Als je aan die of gene vraagt een
definitie te geven van het begrip socialisme, dan krijg je meestal een antwoord
dat op politieke en economische factoren betrekking heeft. Men komt dan met
zoiets als “politiek voor het volk”, “opheffen van de klassenstrijd” en
“geleide economie”, een enkele keer met een vage opmerking over
“gemeenschappelijk bezit van de productiemiddelen” en de noodzaak van een
allesbeheersende centralistische overheidsorganisatie. Daarbij beroept men zich
op een aantal denkbeelden die door Karl Marx in de vorige eeuw naar voren zijn
gebracht en die men als socialistisch is gaan beschouwen. Tot op de dag
van vandaag is het mij, ondanks hevige inspanning, niet gelukt om het
socialistische van het betoog van de heer Marx te ontdekken. Zijn bekende
voorspelling bijvoorbeeld, dat er een “dictatuur van het proletariaat” in het
verschiet zou liggen is niet alleen historisch een misser gebleken, maar blijkt
ook logisch onhoudbaar te zijn. Het proletariaat kan op zichzelf de macht niet
hebben: er kan hoogstens een élite ontstaan die namens het proletariaat
de macht heeft.
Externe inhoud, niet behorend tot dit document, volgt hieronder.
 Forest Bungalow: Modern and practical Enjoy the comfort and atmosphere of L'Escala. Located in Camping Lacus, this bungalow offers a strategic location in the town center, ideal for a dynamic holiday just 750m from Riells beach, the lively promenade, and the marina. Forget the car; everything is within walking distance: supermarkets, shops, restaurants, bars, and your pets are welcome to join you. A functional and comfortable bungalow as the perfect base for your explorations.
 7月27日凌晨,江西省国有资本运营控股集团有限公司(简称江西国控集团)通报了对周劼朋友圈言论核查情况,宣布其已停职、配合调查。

Dan ben je minstens even ver van huis als voorheen, en als die
élite dan ook nog dictatoriale macht heeft is de boot al helemaal aan! Het is
echt niet zo verwonderlijk dat de zaken in alle “socialistische staten”
volledig in het honderd zijn gelopen, een verschijnsel dat ten onrechte aan
economisch wanbeleid wordt toegeschreven.
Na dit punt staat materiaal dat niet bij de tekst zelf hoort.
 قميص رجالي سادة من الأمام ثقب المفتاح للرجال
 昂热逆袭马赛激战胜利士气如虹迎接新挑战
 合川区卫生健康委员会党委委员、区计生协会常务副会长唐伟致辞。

De oorzaak ligt dieper en wel bij het
verdringen van de mens als individu. Volgens mij is het de enige verdienste van
Karl Marx dat hij het begrip “kapitalisme” zozeer tot gemeengoed gemaakt heeft
dat vrijwel iedereen er naar hartelust mee goochelt
en alleen al het uitspreken van het toverwoord “kapitalisme” als voldoende
argument beschouwt om een bepaalde maatschappijvorm zonder pardon te
diskwalificeren, uiteraard zonder te weten wat dat begrip inhoudt. Het gaat
daarmee net als met het woord “niet-wetenschappelijk” dat als een toverformule
fungeert om de denkbeelden van anderen in het niets te laten verdwijnen. Ik heb
tijdens discussies, als iemand met de kreet kapitalisme kwam, steeds
geïnformeerd wat je daaronder zou moeten verstaan, maar werkelijk niemand heeft
mij ooit een bevredigend antwoord kunnen geven. Onveranderlijk kwam men met een
antwoord dat op elke individu van toepassing bleek te zijn. En dus: met
het begrip kapitalisme valt niet te werken, althans niet voorzover
men meent dat het uitdrukking geeft aan een onderscheid tussen verschillende
maatschappijvormen. Je kunt eigenlijk ook van het gangbare begrip socialisme
zeggen dat je er niets aan hebt. Ik geef toe dat het wel enige betekenis heeft,
maar die beperkt zich meer tot een zekere inkleuring van een aantal
toekomstontwerpen dan dat je van het tot zijn recht komen van de werkelijke
inhoud zou kunnen spreken.
Een socialistische blauwdruk van de toekomst
ziet er wat anders, en wellicht wat aantrekkelijker uit dan bijvoorbeeld een
christelijke, maar in beide gevallen is er nauwelijks enige verwantschap met de
werkelijke inhoud van het begrip socialisme. Een blauwdruk ontstaat door over
de zaken van deze wereld na te denken, als het even kan met gebruikmaking van
informatie die als wetenschappelijk gekwalificeerd is. Dat nadenken kan
natuurlijk heel intelligent zijn en tot een helder model van de toekomst
leiden, maar onvermijdelijk zal zo'n model bevangen zijn in de voorstellingen,
opvattingen en wetenschappelijke kennis van de tijd waarin het uitgedacht
wordt. Met andere woorden: de zaak is bij voorbaat al gedateerd, wat
betreft de socialistische blauwdruk in niet geringe mate door de
maatschappelijke situatie in het begin van deze eeuw, met zijn zich ongeremd
verrijkende enkelingen en een vrijwel geheel verpauperde bevolking, alsmede
door de schier ongeremde organisatiedrift die in het socialistische
gedachtegoed tot uiting komt. Een blauwdruk, een voorstelling van een
toekomstige maatschappij, berust op een zelfbewust denkproces dat, hoe helder
het ook is, onvermijdelijk alle mankementen van het op stroom liggende denken
vertoont. Dat echter is niet het geval met datgene dat ik een cultuurbesef noem.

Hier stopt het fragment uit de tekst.